● **Exercise objective**: Return the stretch from the line with "Safety is the" through the line with "User can setup" in the data below, character for character, skipping all pictures.

● **Exercise data**:

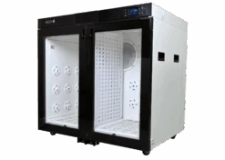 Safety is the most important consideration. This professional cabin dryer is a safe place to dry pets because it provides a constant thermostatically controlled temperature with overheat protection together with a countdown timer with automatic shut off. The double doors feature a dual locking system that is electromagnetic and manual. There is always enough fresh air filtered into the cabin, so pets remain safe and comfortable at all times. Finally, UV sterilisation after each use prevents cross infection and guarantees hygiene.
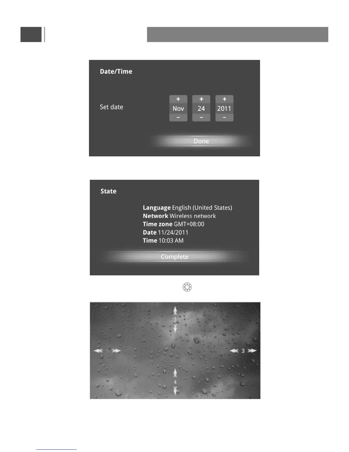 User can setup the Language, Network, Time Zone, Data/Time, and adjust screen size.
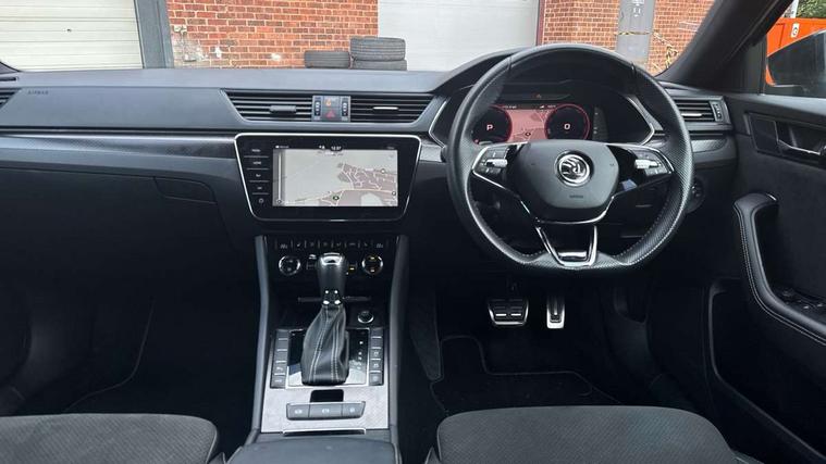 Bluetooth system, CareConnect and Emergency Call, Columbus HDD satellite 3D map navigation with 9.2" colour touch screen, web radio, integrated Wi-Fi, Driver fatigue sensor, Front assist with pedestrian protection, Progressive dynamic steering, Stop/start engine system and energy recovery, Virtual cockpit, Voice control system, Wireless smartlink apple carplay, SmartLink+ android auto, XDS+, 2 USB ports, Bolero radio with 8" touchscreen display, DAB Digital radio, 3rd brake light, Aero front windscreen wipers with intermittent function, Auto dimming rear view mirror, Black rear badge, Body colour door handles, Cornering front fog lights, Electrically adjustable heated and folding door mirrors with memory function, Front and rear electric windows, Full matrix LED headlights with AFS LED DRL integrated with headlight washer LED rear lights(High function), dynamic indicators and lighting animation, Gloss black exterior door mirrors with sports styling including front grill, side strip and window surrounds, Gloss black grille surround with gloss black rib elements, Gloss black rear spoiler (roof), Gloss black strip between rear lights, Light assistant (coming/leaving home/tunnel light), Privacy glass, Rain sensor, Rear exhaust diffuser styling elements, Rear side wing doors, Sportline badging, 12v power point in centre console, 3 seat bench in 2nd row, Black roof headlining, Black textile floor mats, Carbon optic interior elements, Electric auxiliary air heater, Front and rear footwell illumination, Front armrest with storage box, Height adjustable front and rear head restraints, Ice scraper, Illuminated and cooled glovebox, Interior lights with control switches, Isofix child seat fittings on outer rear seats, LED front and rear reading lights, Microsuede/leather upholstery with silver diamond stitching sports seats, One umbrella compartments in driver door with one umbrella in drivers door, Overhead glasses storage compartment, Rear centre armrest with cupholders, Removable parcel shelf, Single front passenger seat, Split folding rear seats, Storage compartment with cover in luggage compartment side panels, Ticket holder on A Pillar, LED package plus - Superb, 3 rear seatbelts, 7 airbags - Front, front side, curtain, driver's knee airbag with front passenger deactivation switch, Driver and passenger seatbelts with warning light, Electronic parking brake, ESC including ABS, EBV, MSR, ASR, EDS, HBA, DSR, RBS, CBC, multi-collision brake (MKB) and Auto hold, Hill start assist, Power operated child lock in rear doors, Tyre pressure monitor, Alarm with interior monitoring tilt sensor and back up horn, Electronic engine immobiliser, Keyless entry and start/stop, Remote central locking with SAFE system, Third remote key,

...

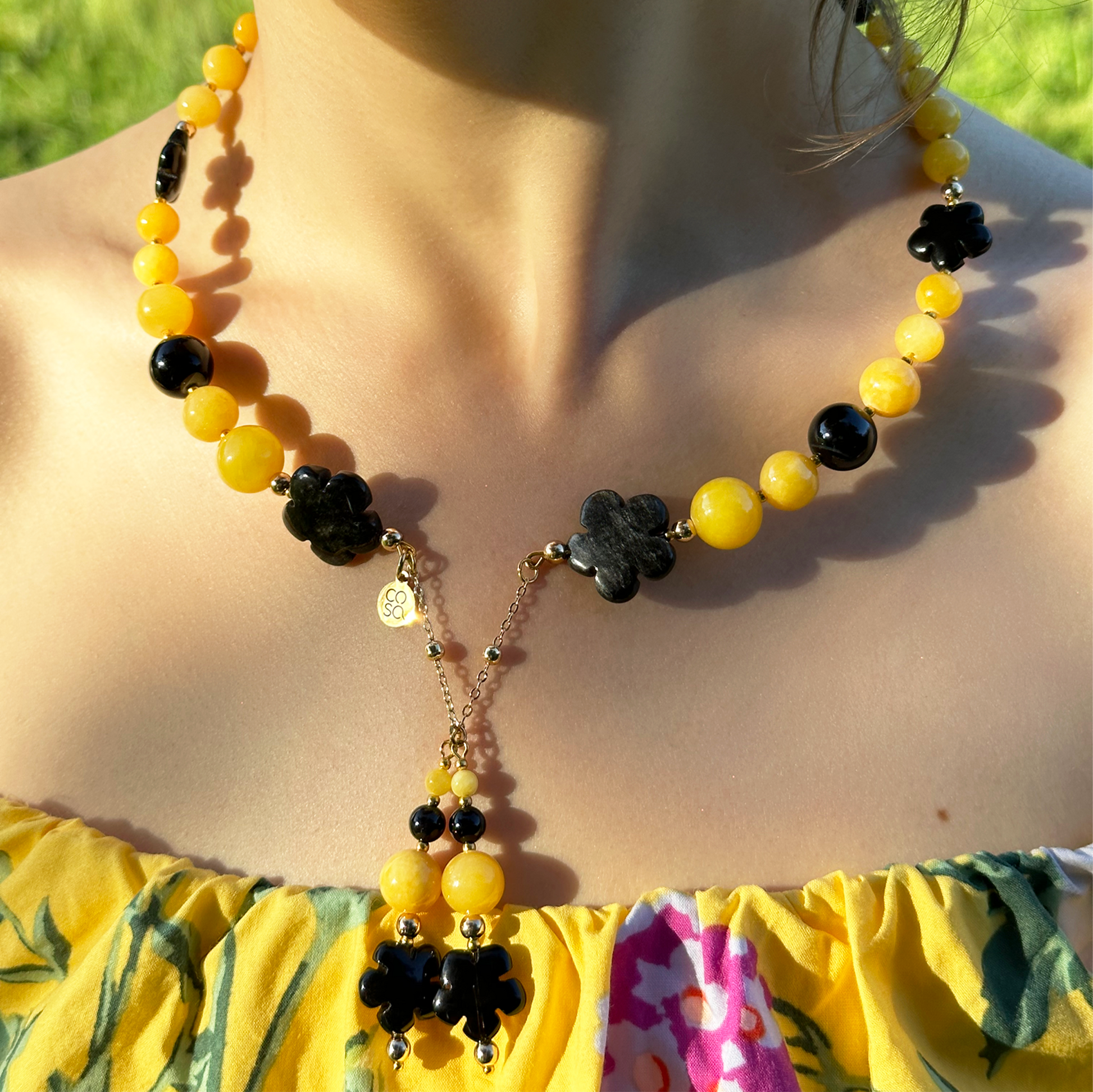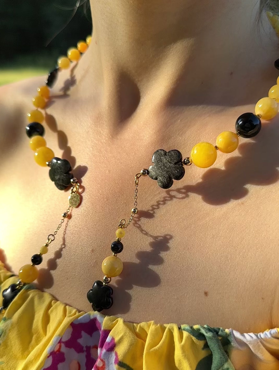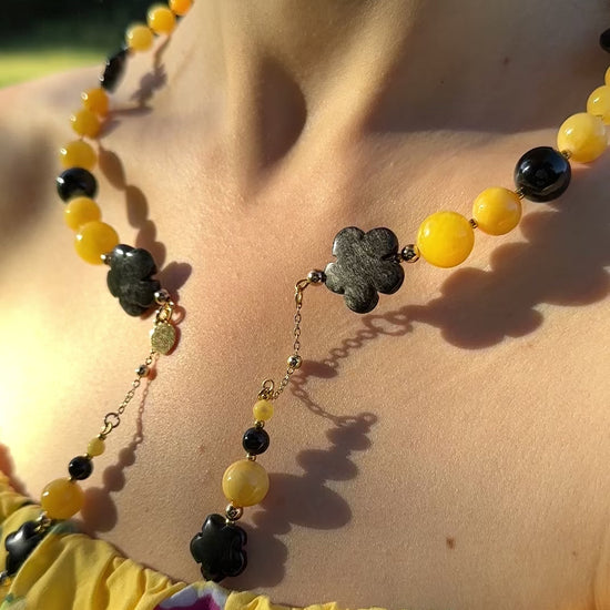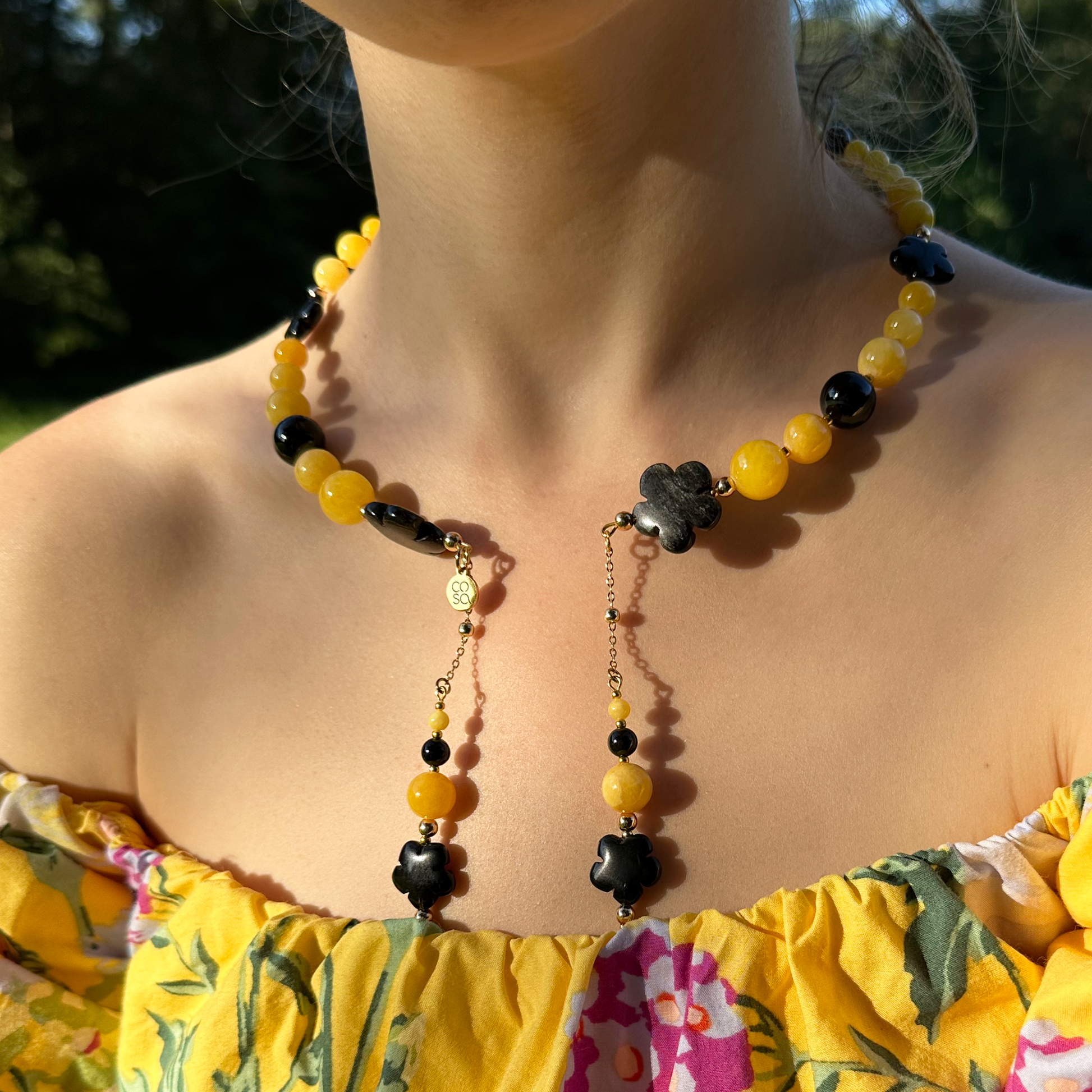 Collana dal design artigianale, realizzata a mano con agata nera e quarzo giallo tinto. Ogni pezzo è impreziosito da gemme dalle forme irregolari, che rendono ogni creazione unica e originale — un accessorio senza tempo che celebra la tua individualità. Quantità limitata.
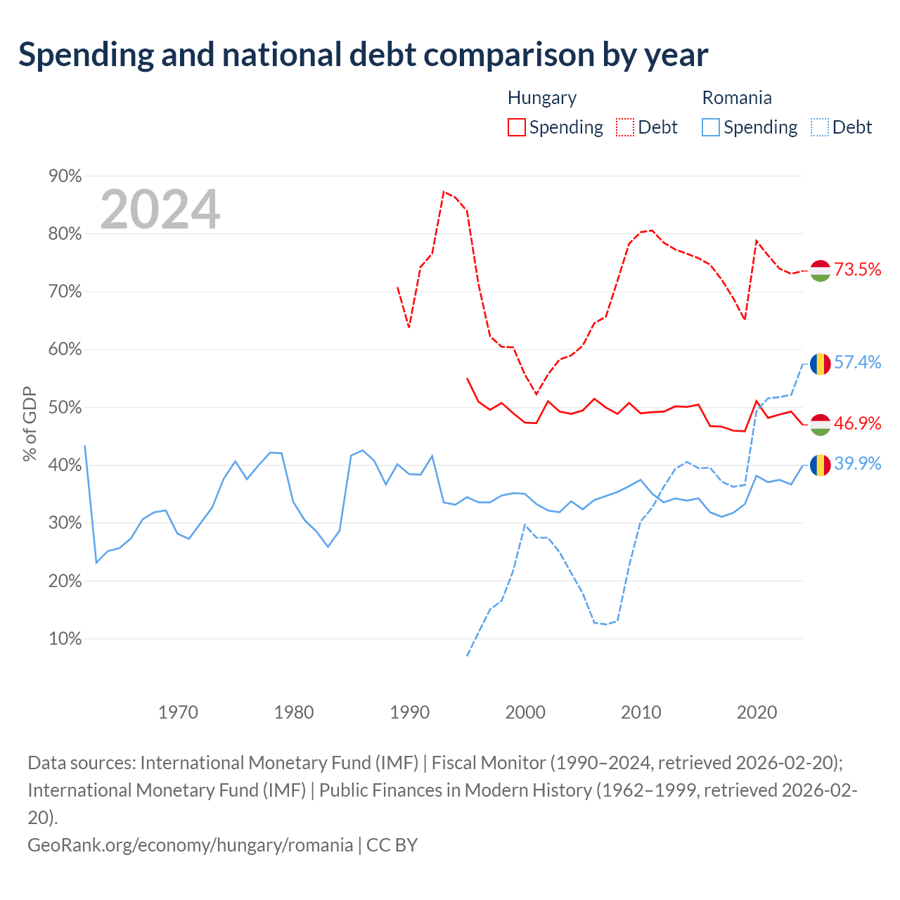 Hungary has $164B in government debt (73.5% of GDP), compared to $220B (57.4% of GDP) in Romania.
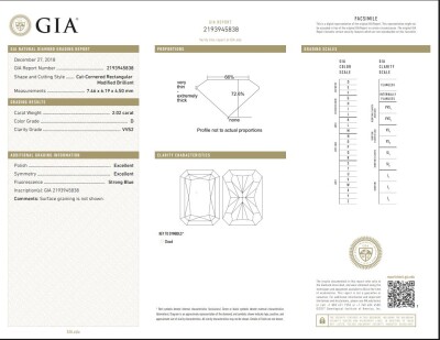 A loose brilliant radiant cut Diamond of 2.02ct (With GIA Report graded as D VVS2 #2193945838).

● **Written solution**:
 Safety is the most important consideration. This professional cabin dryer is a safe place to dry pets because it provides a constant thermostatically controlled temperature with overheat protection together with a countdown timer with automatic shut off. The double doors feature a dual locking system that is electromagnetic and manual. There is always enough fresh air filtered into the cabin, so pets remain safe and comfortable at all times. Finally, UV sterilisation after each use prevents cross infection and guarantees hygiene.
 User can setup the Language, Network, Time Zone, Data/Time, and adjust screen size.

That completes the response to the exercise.